TASK TO COMPLETE: From the first line to the last, output the records exactly and drop any images.
##### AVAILABLE DATA
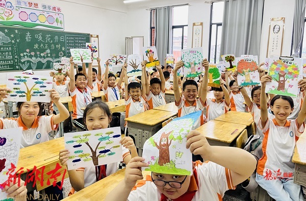 4月22日,临武县八完小开展阅读主题绘画活动,同学们以树为形,将读过的书籍、感悟化作枝叶花朵,生动展现阅读成果,为校园阅读氛围添上绚丽一笔。(通讯员:邝丽元)
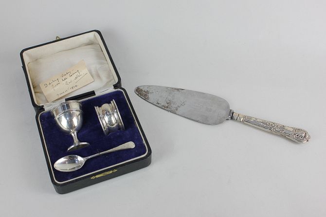 A George V silver christening set of egg cup, napkin ring and spoon, in case, maker S Blanckensee & Son Ltd, Birmingham 1923, together with a silver handled cake slice
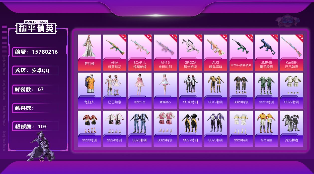 [15780216]安卓 手Q-1粉装-8特效枪-28774热力值-11王牌印记-67套装-103枪皮
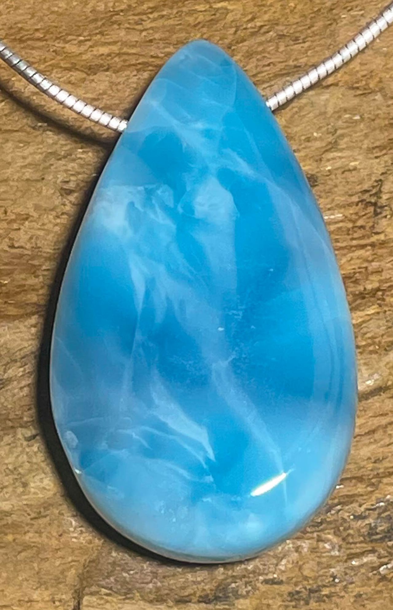 Larimar Trommelstein Anhänger Atlantisstein - Edelstein Schmuck A Qualität #7286
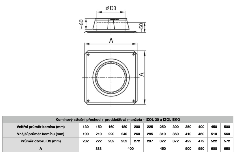 Komínový střešní přechod + protidešťová manžeta pro ø 150/210 mm, IZOL 30
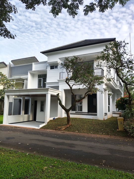 Rumah luxury baru renovasi di BSD, Tangerang Selatan. Hunian elit dengan 4 kamar tidur dan 4 kamar mandi, LT 227m², LB 300m². Harga eksklusif: 7 Miliar. Fasilitas lengkap.
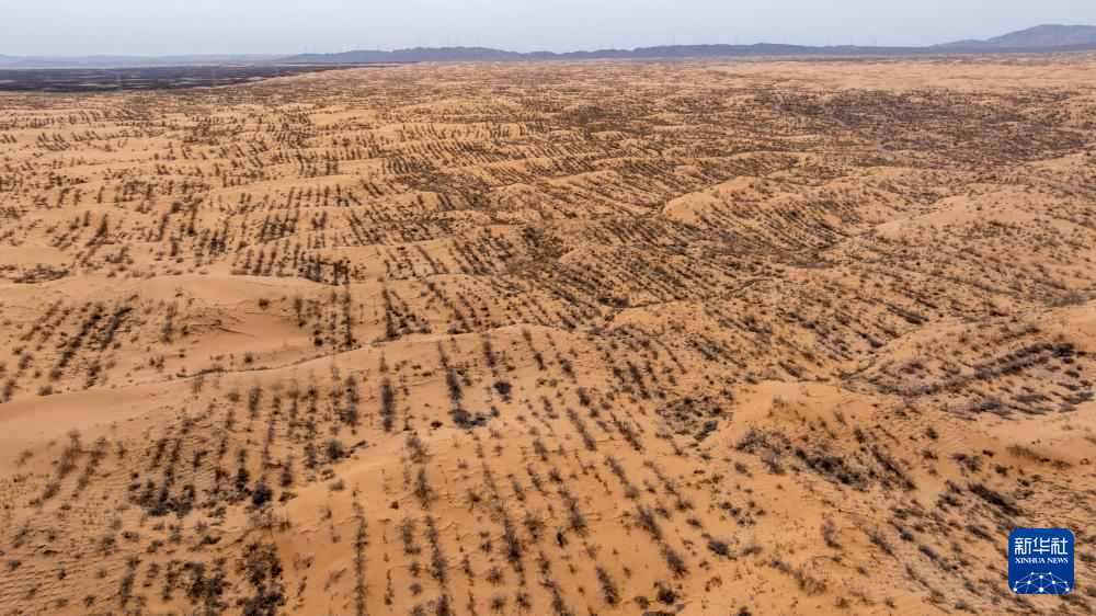 这是在宁夏中卫市国有林业总场长流水管理站腾格里沙漠东南缘拍摄的经过治理的大片沙丘(4月10日摄,无人机照片)。新华社记者 杨植森 摄
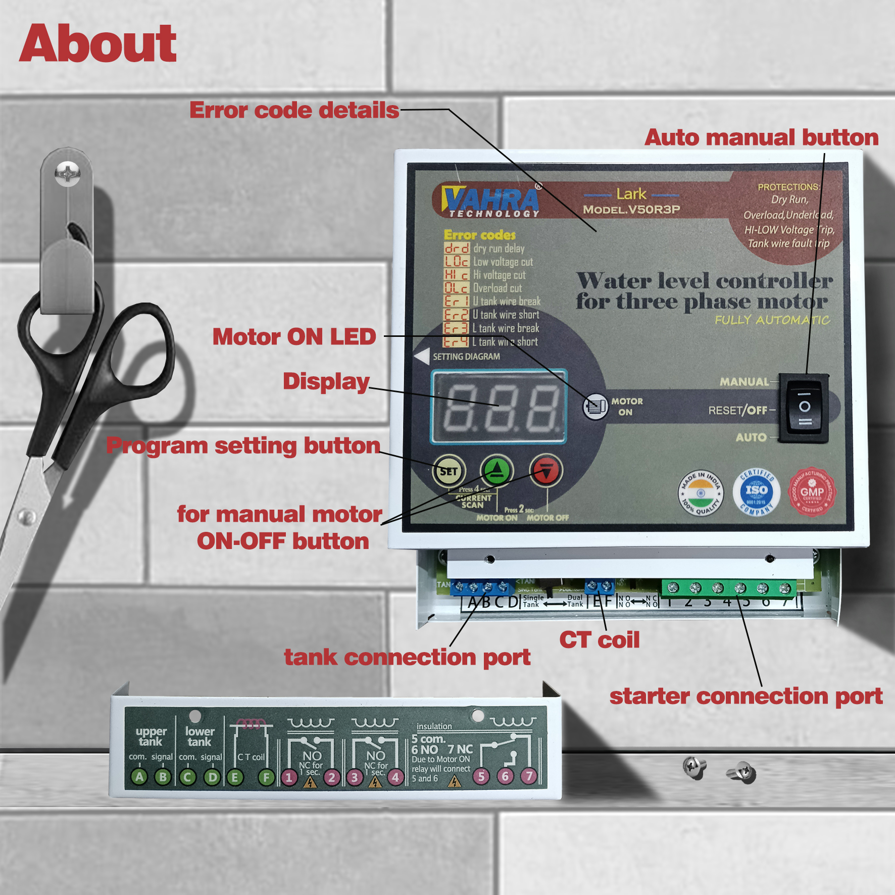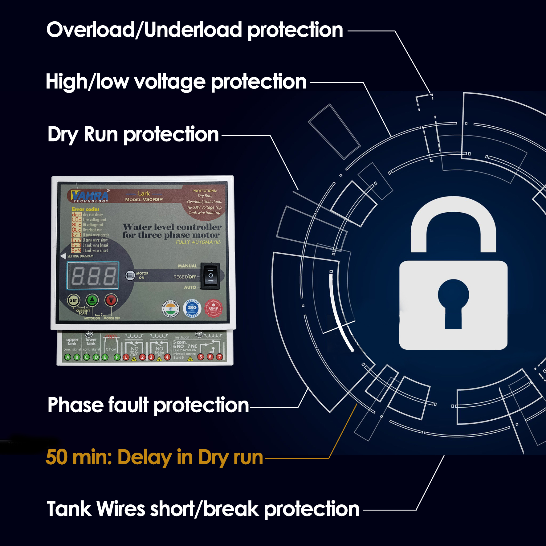 The LARK/V50C1P is a fully automatic three-phase water level controller designed for submersible motors. It works with DOL and L&T starters, provides phase break protection, and protects your motor from dry run, overload, and high/low voltage. Compatible with carbon or magnetic sensor kits, it is easy to install and saves water, time, and energy.
##########
EXERCISE RESPONSE:
 4月22日,临武县八完小开展阅读主题绘画活动,同学们以树为形,将读过的书籍、感悟化作枝叶花朵,生动展现阅读成果,为校园阅读氛围添上绚丽一笔。(通讯员:邝丽元)
 A George V silver christening set of egg cup, napkin ring and spoon, in case, maker S Blanckensee & Son Ltd, Birmingham 1923, together with a silver handled cake slice
 [15780216]安卓 手Q-1粉装-8特效枪-28774热力值-11王牌印记-67套装-103枪皮
 Larimar Trommelstein Anhänger Atlantisstein - Edelstein Schmuck A Qualität #7286
 Komínový střešní přechod + protidešťová manžeta pro ø 150/210 mm, IZOL 30
 Rumah luxury baru renovasi di BSD, Tangerang Selatan. Hunian elit dengan 4 kamar tidur dan 4 kamar mandi, LT 227m², LB 300m². Harga eksklusif: 7 Miliar. Fasilitas lengkap.
 这是在宁夏中卫市国有林业总场长流水管理站腾格里沙漠东南缘拍摄的经过治理的大片沙丘(4月10日摄,无人机照片)。新华社记者 杨植森 摄
 The LARK/V50C1P is a fully automatic three-phase water level controller designed for submersible motors. It works with DOL and L&T starters, provides phase break protection, and protects your motor from dry run, overload, and high/low voltage. Compatible with carbon or magnetic sensor kits, it is easy to install and saves water, time, and energy.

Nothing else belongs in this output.